§ Directions for this task
A faithful transcript of all the lines below, with no pictures, is the goal here.

§ Recorded information
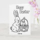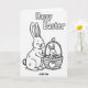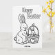 Designed with simple black line art on a bright white background, this Easter-themed card shows a long-eared animal with closed eyes leaning close to a striped woven basket in a gentle, caring pose 🐰. Inside the basket sits a smaller long-eared creature with a wide smile and a tiny bow, looking up as if enjoying the attention like a close friend. A heart emblem is centered on the basket’s front, and several smooth egg shapes fill the basket around the little character. A small bird rests on top of the curved handle, watching the pair and adding a light spring touch 🌷. Across the top, large outlined lettering spells out a festive Easter greeting in black. Near the bottom, a smaller line of black text invites the viewer to add their own colors, leaving plenty of open space around the scene. The basket’s stripes, the heart badge, and the bird perched on the handle stand out clearly against the white background.
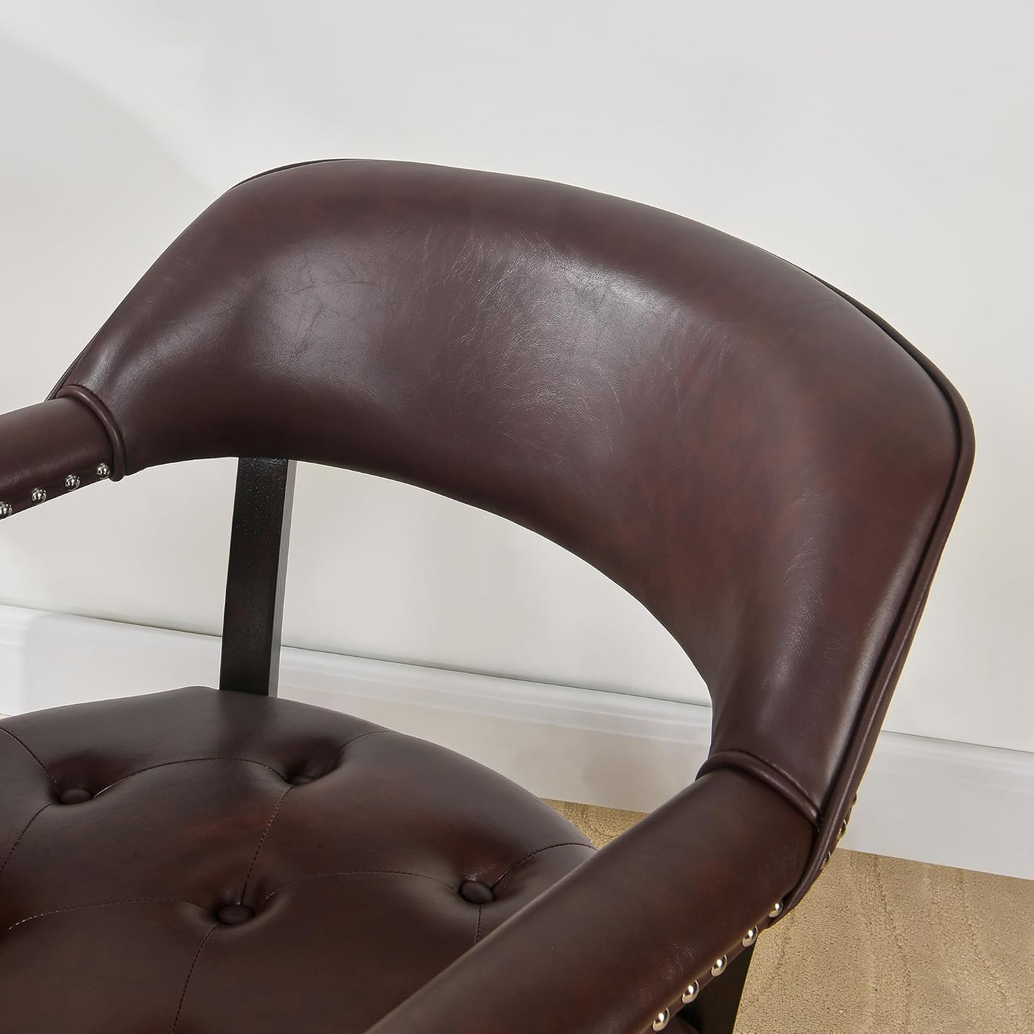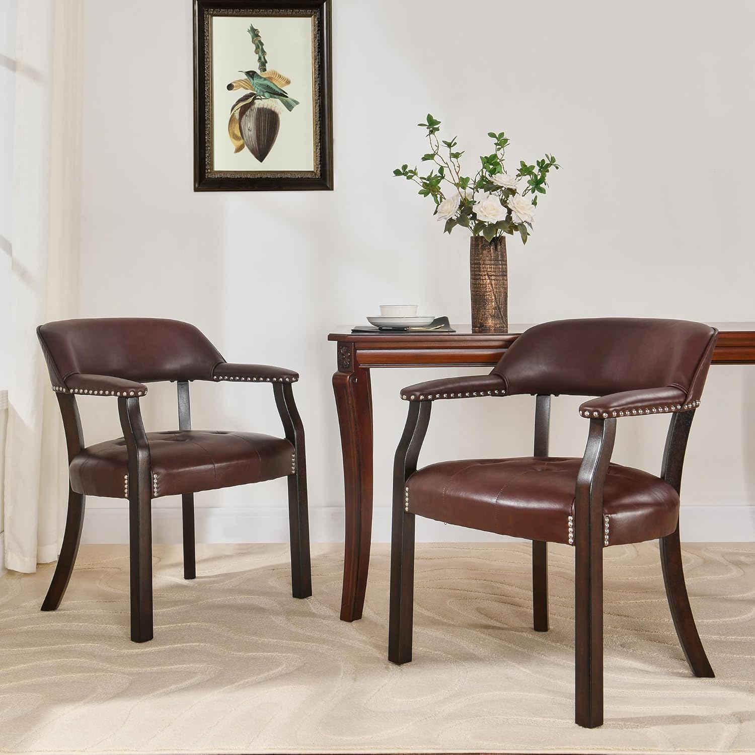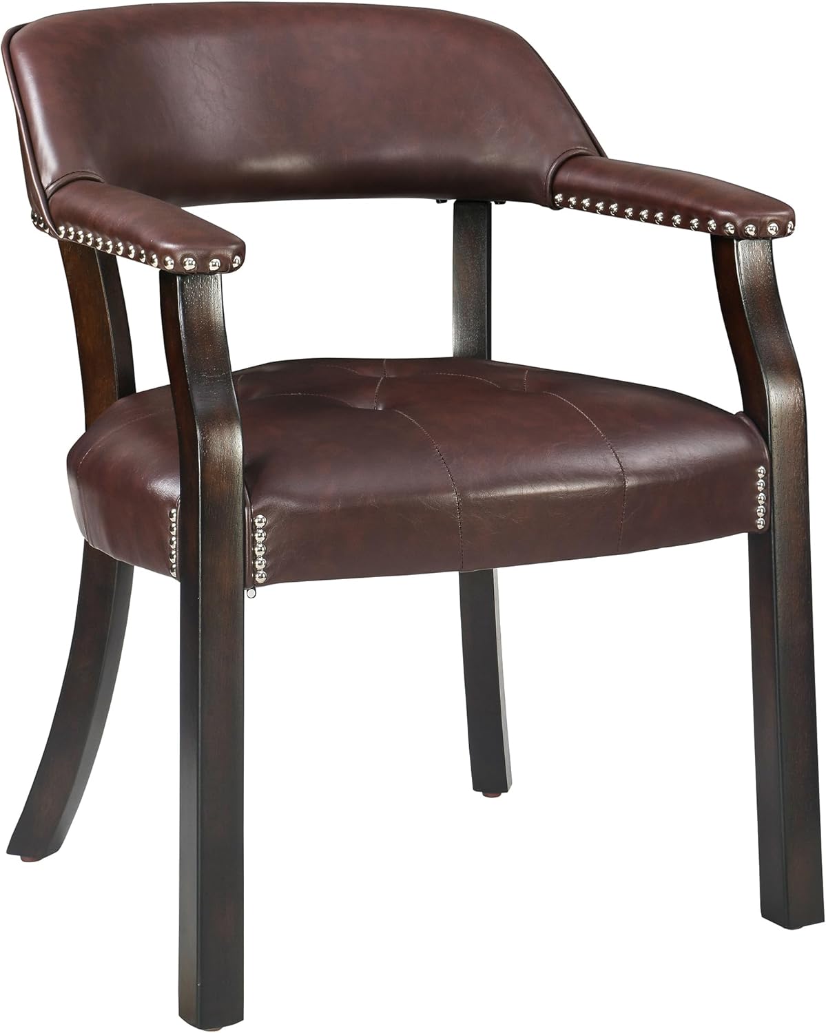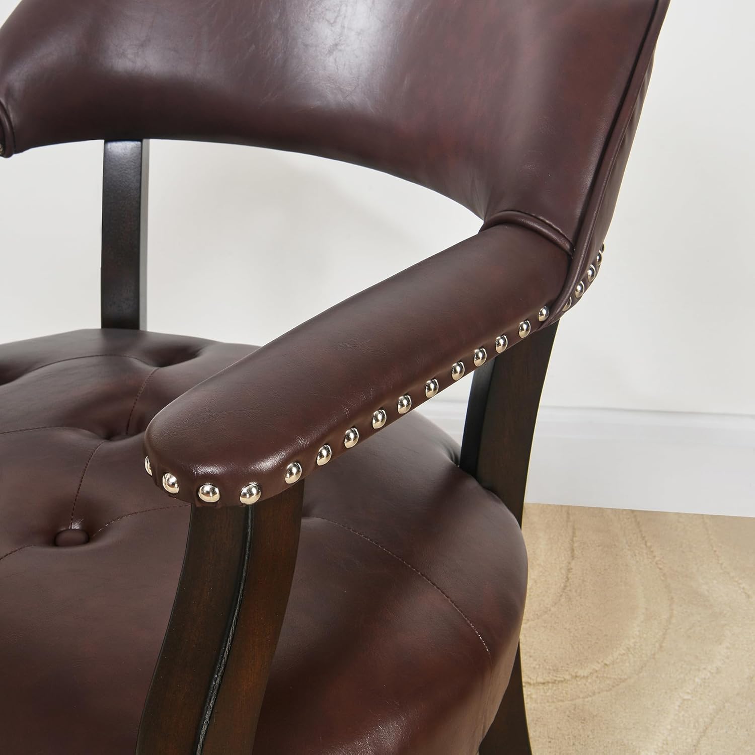 Tattva Woods Arm Dining Chairs with Upholstered and Arms,Office Desk Chair with Metal Rivets. PU Boss Captain’s Chairs,Classic Accent Stools for Dining Room, Bedroom Brown Legs & Wine Red NX173-318WR
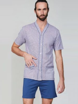 Pigiama corto realizzato in jersey di cotone stampato per la maglia aperta con tasche ed unito per il pantaloneComposizione 100% cotone
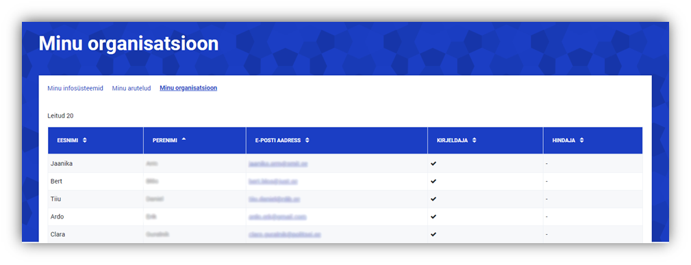 RIHA hindaja näeb nimekirjas ka neid isikuid, kes tema organisatsioonist veel omavad RIHA-s hindaja rolli ning saavad infosüsteemidele hinnanguid lisada.

§ Answer
 Designed with simple black line art on a bright white background, this Easter-themed card shows a long-eared animal with closed eyes leaning close to a striped woven basket in a gentle, caring pose 🐰. Inside the basket sits a smaller long-eared creature with a wide smile and a tiny bow, looking up as if enjoying the attention like a close friend. A heart emblem is centered on the basket’s front, and several smooth egg shapes fill the basket around the little character. A small bird rests on top of the curved handle, watching the pair and adding a light spring touch 🌷. Across the top, large outlined lettering spells out a festive Easter greeting in black. Near the bottom, a smaller line of black text invites the viewer to add their own colors, leaving plenty of open space around the scene. The basket’s stripes, the heart badge, and the bird perched on the handle stand out clearly against the white background.
 Tattva Woods Arm Dining Chairs with Upholstered and Arms,Office Desk Chair with Metal Rivets. PU Boss Captain’s Chairs,Classic Accent Stools for Dining Room, Bedroom Brown Legs & Wine Red NX173-318WR
 Pigiama corto realizzato in jersey di cotone stampato per la maglia aperta con tasche ed unito per il pantaloneComposizione 100% cotone
 RIHA hindaja näeb nimekirjas ka neid isikuid, kes tema organisatsioonist veel omavad RIHA-s hindaja rolli ning saavad infosüsteemidele hinnanguid lisada.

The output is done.